Estamos chegando ao final da Torá. Nesta parashá, Moisés conclui seu discurso aos Bnei Israel, os israelitas, nomeia e abençoa Ioshua e instrui a comunidade a se reunir a cada sete anos para ler publicamente a Torá. Deus prediz o eventual afastamento dos israelitas, pedindo para que um poema seja escrito para que o povo não esqueça de seus ensinamentos.
É interessante que justamente no Shabat entre Rosh haShaná e Iom Kipur, quando estamos lidando com a nossa teshuvá e nos relacionamos com nossas limitações e nosso próprio sentimento de finitude, somos apresentados à finitude do maior líder de nossa tradição. Nunca houve nem nunca haverá outro como Moshé. No entanto, somos apresentados a toda sua humanidade: seus defeitos, seus limites, sua idade e sua finitude.
A primeira atitude, ao se deparar com a aproximação de seu fim é definir um sucessor, organicamente escolhido, treinado e que agora será empoderado diante do povo: “Chazak veEmatz!”[i] Seja forte e decidido! É o conselho de Moshé para Ioshua. Não tenha medo, Deus estará com você, eu estarei com você.
Escolher um sucessor, treiná-lo e empodera-lo não é algo simples de se fazer. Saber o momento de se afastar para dar lugar ao outro não é nada fácil.

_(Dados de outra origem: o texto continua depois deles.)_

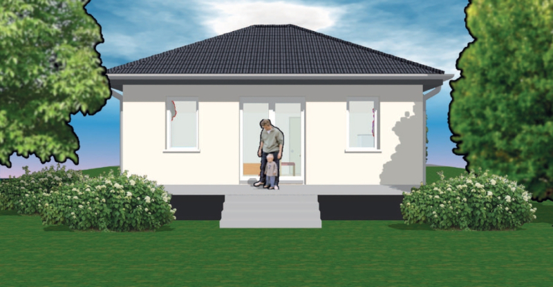 A tartószerkezeti falak Porotherm P30N+F téglából, betonkoszorúval, fa födémes tetőszerkezettel készülnek. A lábazat 10 cm polisztirol lépésálló, a homlokzatok 10cm-es Austrotherm Grafitos, a vízszintes födém 25 cm ásványgyapot szigeteléssel lesz ellátva.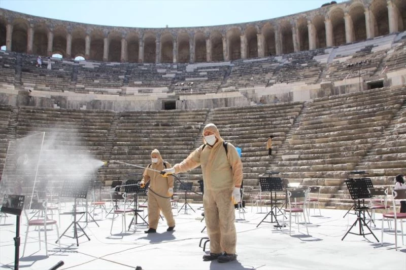 ANTALYA (AA) - Bu yil 27'ncisi düzenlenen "Uluslararasi Aspendos Opera ve Bale Festivali" öncesi Aspendos Antik Tiyatrosu, yeni tip koronavirüs (Kovid-19) tedbirleri kapsaminda dezenfekte edildi.

Na primeira noite de Rosh haShaná lembramos do primeiro yurtzeit da juíza norte-americana Ruth Baden Ginsburg. Ícone da luta feminista mundial, ela foi a primeira mulher judia a fazer parte da Corte Suprema dos Estados Unidos. Seu papel foi absolutamente importante na conquista de direitos das mulheres e de outras minorias, seu lugar na corte foi marcante e inovador. No entanto, uma crítica é feita à sua pristina carreira como juíza: ela não soube sair no momento em que era seguro para garantir uma sucessão alinhada com seu legado.
Em nosso grupo de estudos da parashá na ARI, surgiu a pergunta extremamente relevante: “Como saber quando está chegando a hora?”. Realmente não há como, por isto alguns planejamentos devem ser feitos com muita antecedência. Além de todas as partes práticas da vida: contas, senhas, documentos, etc, devemos pensar em determinar um momento a partir do qual vamos aproveitar o tempo. Envelhecer com sabedoria faz parte das lições que Moshé pode nos trazer. Ele se manteve ativo em seu papel até o final, mostrando que a energia pode diminuir, os passos podem ficar mais lentos, mas a vitalidade continua.
A maior lição de vida tenho pertinho de mim. Minha mãe sempre foi uma lutadora. Minha lembrança dela é de estar sempre trabalhando muito, lutando para pagar as contas, nos criar com a melhor possibilidade, com um esteio familiar, judaísmo e educação. No entanto, em um dado momento, as aulas particulares de inglês começaram a diminuir, e ela começou a curtir um pouco os dias dela. Passou a dançar Tango e, perto dos 70 anos, na Argentina, encontrou um amor, e recomeçou. Idade não foi impeditivo para a mudança, pelo contrário. Estar nesta fase de vida que possibilitou que ela olhasse para ela mesma pela primeira vez em tantos anos, e decidisse correr atrás da própria felicidade.
O rabino Richard Address, especializado em envelhecimento diante da tradição judaica, ensina que “A vida mítica de 120 anos de Moisés nos ensina que nossa tradição nos dá a permissão, até mesmo a liberdade, para continuar a crescer e evoluir como um ser humano espiritual. Esse número também nos lembra que há um limite finito para nossa existência física, e que é contra tudo o que consideramos uma tradição judaica desperdiçar esse tempo.”[ii]
“Chazak veEmatz” seja forte e decidido é a lição repetida diversas vezes em Vaielech. Não tenha medo, Deus e nós estaremos com você. O apoio para a jornada continuada ou renovada é importantíssimo, não importa a idade. Saber que há com quem contar torna a decisão mais segura, dá forças para a jornada.
Não sabemos quando é o tempo certo de partir. Não sabemos quando nossos dias estão chegando. Mas nossa responsabilidade é viver plenamente cada dia de nossas vidas. É preciso preparar a sucessão, dar espaço na hora certa, não se apegar a um lugar, porque a maior lição que Moshé nos deixa é que somos finitos. A vida que vivemos e a sucessão que criamos são as únicas garantias para a manutenção de nossos legados, ensinamentos e memória vivos.